Никто не понял, почему Янкеле набросился на Моше. А дело было так. Аарон и Моше возвращались с прокладки ирригационных труб. Эта работа была сопряжена с ночными поездками на джипе, так радовавшими Аарона. В тот раз они с Моше шли к машине, перебрасываясь шутками, как вдруг из хлопчатника выпрыгнул Янкеле и укусил Моше за ногу. Они так и не поняли, уснул ли он в хлопчатнике и они его случайно разбудили или он лежал в борозде и поджидал их появления.
Укус оказался глубоким, из ноги текла кровь, но Моше, вскрикнув от боли во время укуса, потом молчал всю дорогу. Аарон до сих пор не забыл, с каким трудом ему удалось оторвать Янкеле от голой ноги друга и отшвырнуть в сторону. Почему-то они с Моше решили никому не говорить о том, что произошло на самом деле, даже медсестре Риве, которая, увидев явные следы укуса, спросила: «Может, это шакал? Давай сделаем укол от бешенства?» Но Моше упрямо стоял на том, что поранил ногу о колючую проволоку забора. С тех пор Аарон не мог смотреть на Янкеле и его улыбку без внутреннего содрогания.

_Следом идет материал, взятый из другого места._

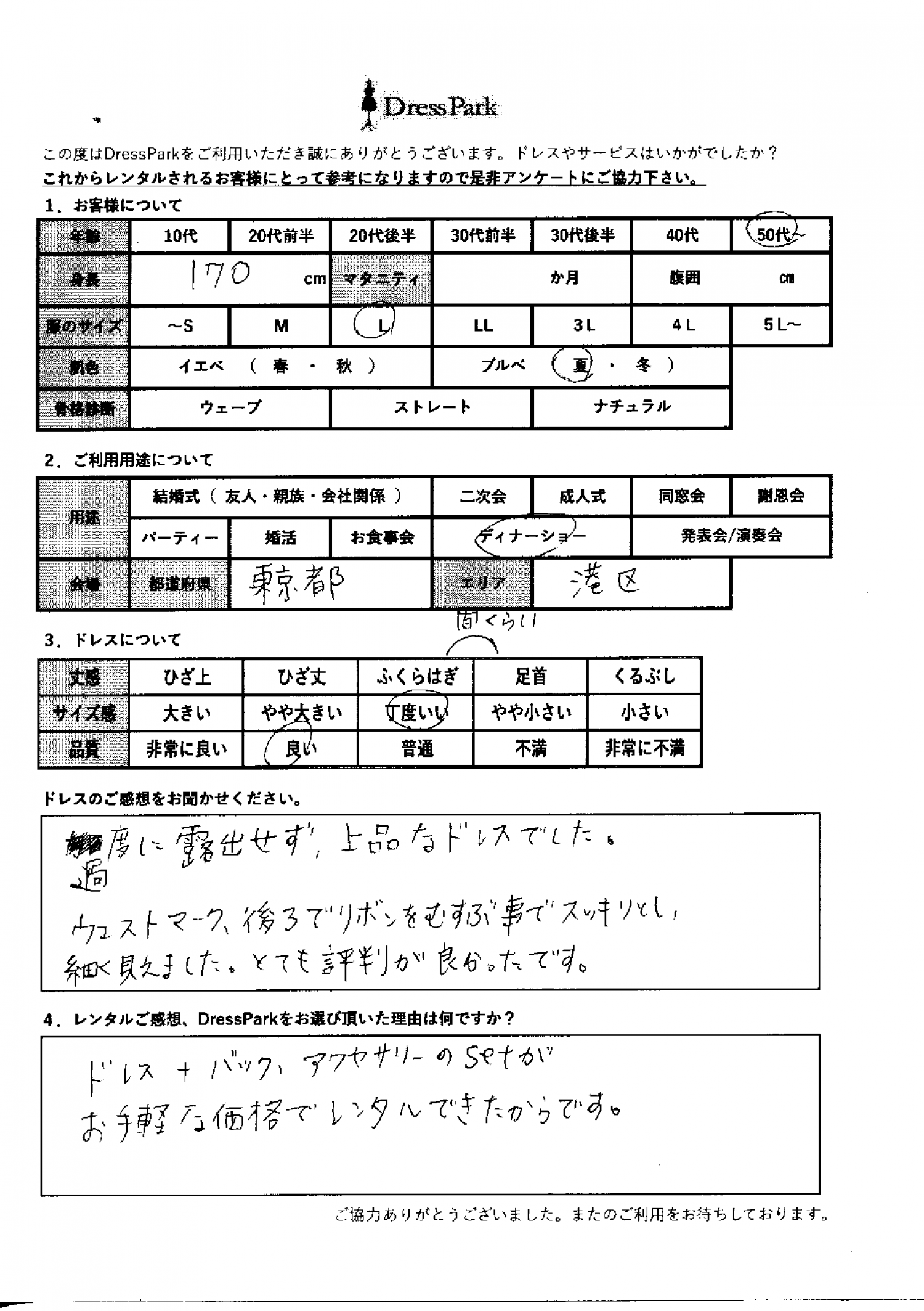 DressParkをお選び頂いた理由

Фаня вела себя так, как если бы ничего не произошло. Она не считала, что у ее сына есть отклонения, и не только сама не заводила об этом речи, но и другим не позволяла. Она добилась, чтобы ее сына освободили от службы в армии, ссылаясь на приступы астмы, которые наблюдались у него в раннем детстве, и с особым удовольствием накладывала ему в тарелку побольше овощей, говоря, что в них много пользы.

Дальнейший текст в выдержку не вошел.